A partire dagli anni 90 si assiste poi al passaggio dal government alla governance, basato principalmente sul coinvolgimento di tutti gli stakeholders socio-politici (Public Governance).

Il nuovo paradigma di Public Governance, che non si sostituisce al NPM, ma si aggiunge ad esso, superandone alcune criticità, è incentrato, oltre che sulla partecipazione ai processi decisionali di attori non istituzionali, anche sulla cooperazione tra diversi livelli di governo, finalizzata comunque alla costruzione di processi decisionali partecipativi ed aperti.
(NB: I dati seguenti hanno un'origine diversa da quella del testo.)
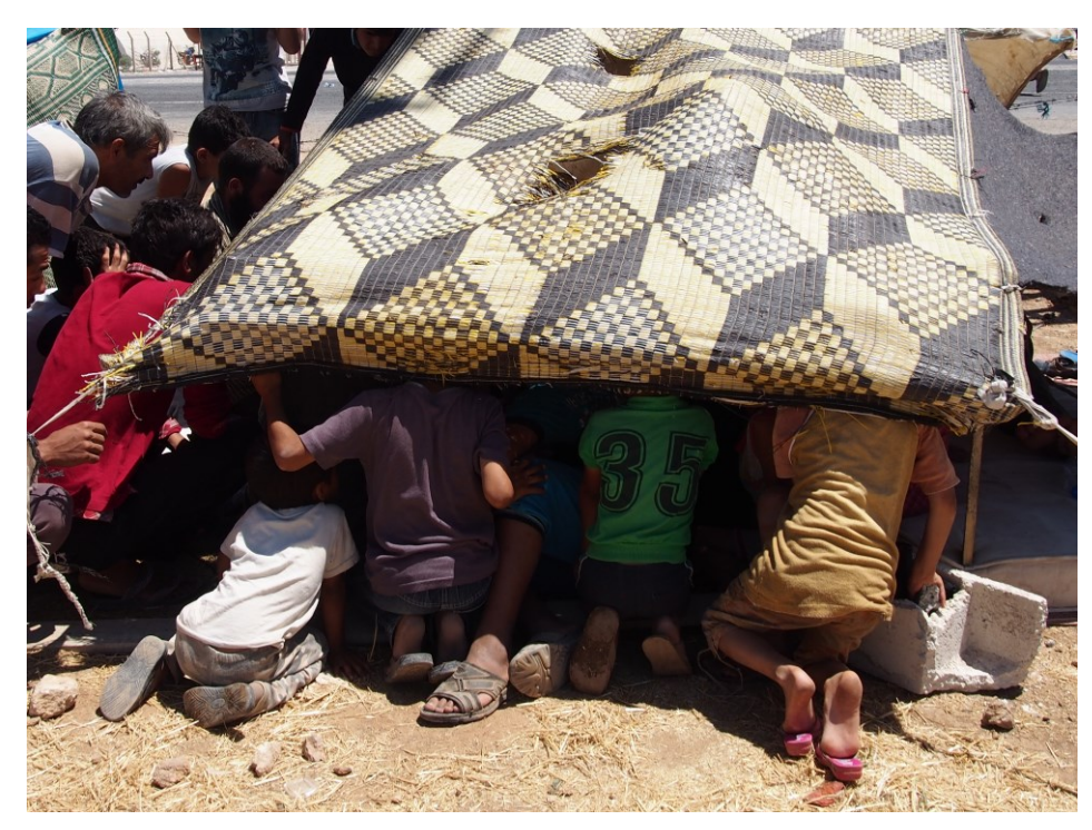
Turkey's government-run camps accommodate over 220,000 Syrian refugees, but they are operating at full capacity. Pictured is a makeshift shelter outside the refugee camp in the town of Akçakale, in and around which 150-200 refugees from Syria were living, in the hopes of entering the camp.

Si tratta di una multilevel governance, poiché si registra un’azione coordinata di governo tra attori di natura diversa ai vari livelli istituzionali. Si pensi, a livello nazionale, ai bilanci partecipativi, ai piani strategici urbani ed ai piani sociali regionali, mentre, a livello sovranazionale, alle politiche di sviluppo economico e di coesione sociale cofinanziate dai fondi strutturali UE (ad esempio il FSE).»

Questo significa pubblicare sul sito istituzionale tutte le delibere e i provvedimenti di interesse degli iscritti per consentire agli stessi di partecipare alla gestione del patrimonio accumulato, che è la somma dei contributi individuali di ciascuno.